ISO 13655 Graphic technology — Spectral measurement and colorimetric computation for
graphic arts images mendefinisikan kondisi pengukuran singkatnya dapat digambarkan sebagai berikut:
Kondisi pengukuran M0
Mereferensikan penggunaan spektrofotometer yang menggunakan cahaya tunggal jenis lampu pijar yang
mempunyai distribusi kuat cahaya relatif mirip dengan pencahayaan standar CIE A (pencahayaan
standar tersebut mempunyai korelasi dengan temperatur warna 2.856 K)
Penekanan kesesuaian terhadap pencahayaan standar CIE A pada nilai spektral dengan panjang
gelombang antara 400nm hingga 700nm membuat porsi kuat cahaya di bagian ultaviolet (UV) terabaikan.
Oleh karena itu apabila dibutuhkan informasi lebih yang dapat menunjukan pengaruh sifat berpendarnya
cahaya yang disebabkan oleh hadirnya cahaya ultraviolet maka direkomendasikan menggunakan alat
ukur spektrofotometer dengan kondisi pengukuran M1.
Kondisi pengukuran M1
Untuk meminimalisasi perbedaan hasil pengukuran dengan berbagai alat ukur yang disebabkan adanya
sifat pemendaran kembali dari OBA di dalam kertas dan/atau pemendaran kembali dari tinta cetak
dibutuhkan pencahayaan dalam alat ukur yang cocok dengan pencahayaan standar CIE D50.

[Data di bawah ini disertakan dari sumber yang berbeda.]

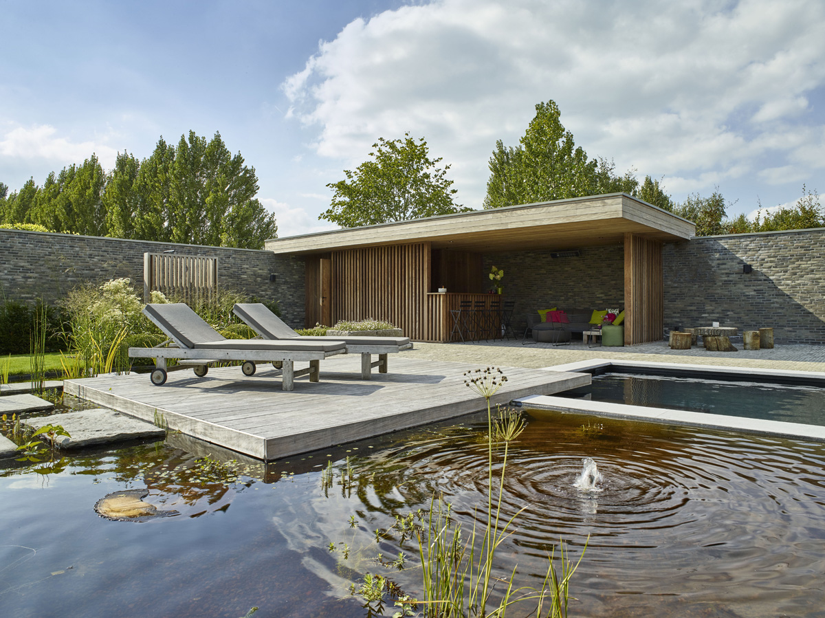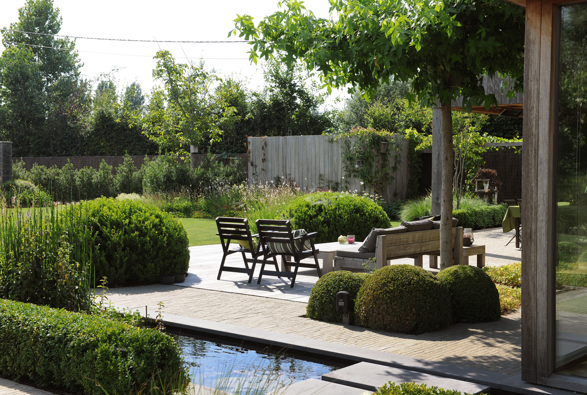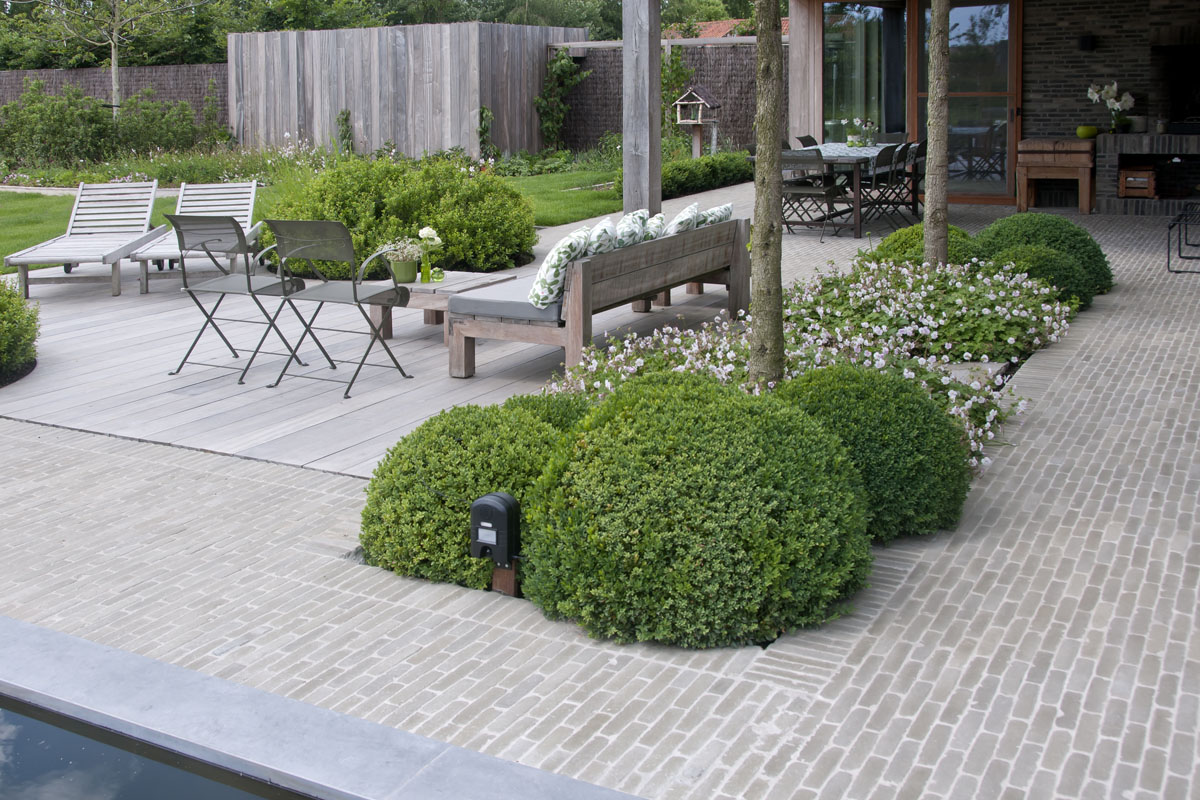 Als Geschäftsführer des Familienunternehmens Tuinen Hoornaert entwarf das Paar die Außenanlage und hatte zwei Zielstellungen vor Augen: eine ruhespendende Oase für die Familie und ein inspirierender Ausstellungsgarten für die Kundschaft.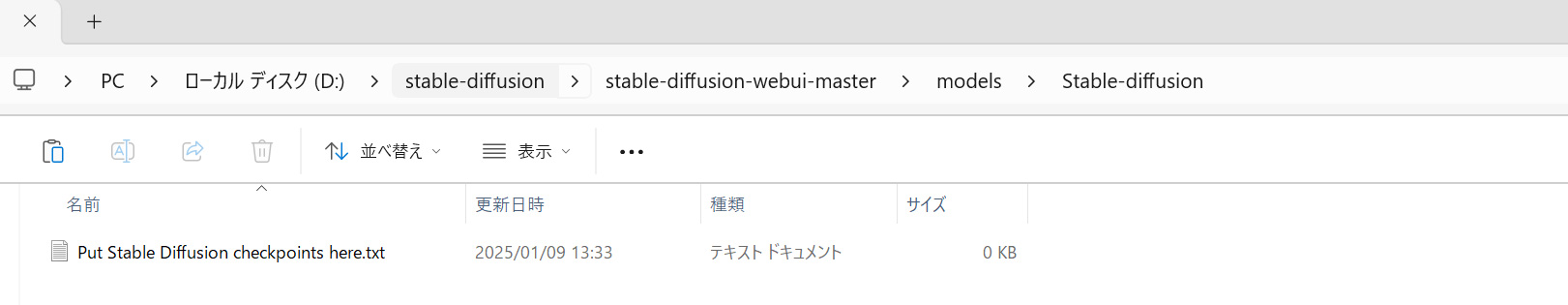 次に、必要なモデルファイル(例: model.ckptまたはmodel.safetensors)をダウンロードします。「stable-diffusion-webui/models/Stable-diffusion」フォルダに配置します。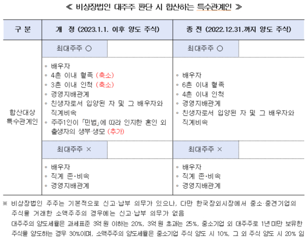 ① 최대주주인 경우 : 본인과 기타주주(4촌 이내 혈족, 3촌 이내 인척, 배우자, 친생자로서 입양된 자 및 그 배우자와 직계비속, 경영지배관계 법인, 주주 1인이 '민법'에 따라 인지한 혼인 외 출생자의 생부나 생모)의 지분을 합산해 판단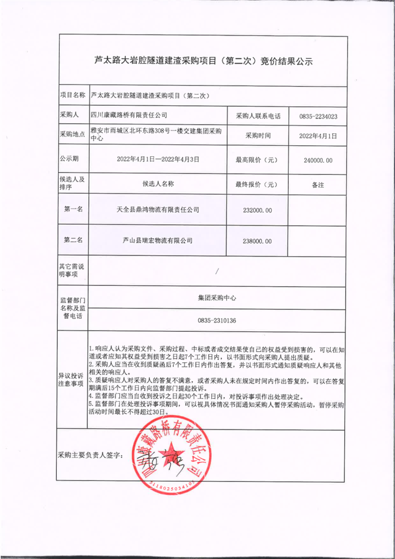 四川康藏路橋有限責(zé)任公司蘆太路大巖腔隧道建渣采購項(xiàng)目(第二次)競價(jià)結(jié)果公示

Penggunaan alat ukur dengan kondisi pengukuran M1 dapat memberikan konsistensi pengukuran
dengan analisa visual di bawah kotak cahaya (light box / viewing booth) yang sesuai dengan persyaratan
ISO 3664.
Ada dua metode yang memungkinkan alat ukur spektrofotometer dapat memenuhi kesesuaian dengan
kondisi pengukuran M1.
1. Distribusi kuat spektral dari alat ukur yang sampai pada bahan yang diukur harus sesuai
dengan pencahayaan standar CIE D50. Juga sesuai dengan persyaratan pada kondisi
pemantauan P1 pada ISO 3664. Metode ini harus digunakan ketika pengaruh OBA dan warna-
warna berpendar (fluorescent) menjadi fokus perhatian.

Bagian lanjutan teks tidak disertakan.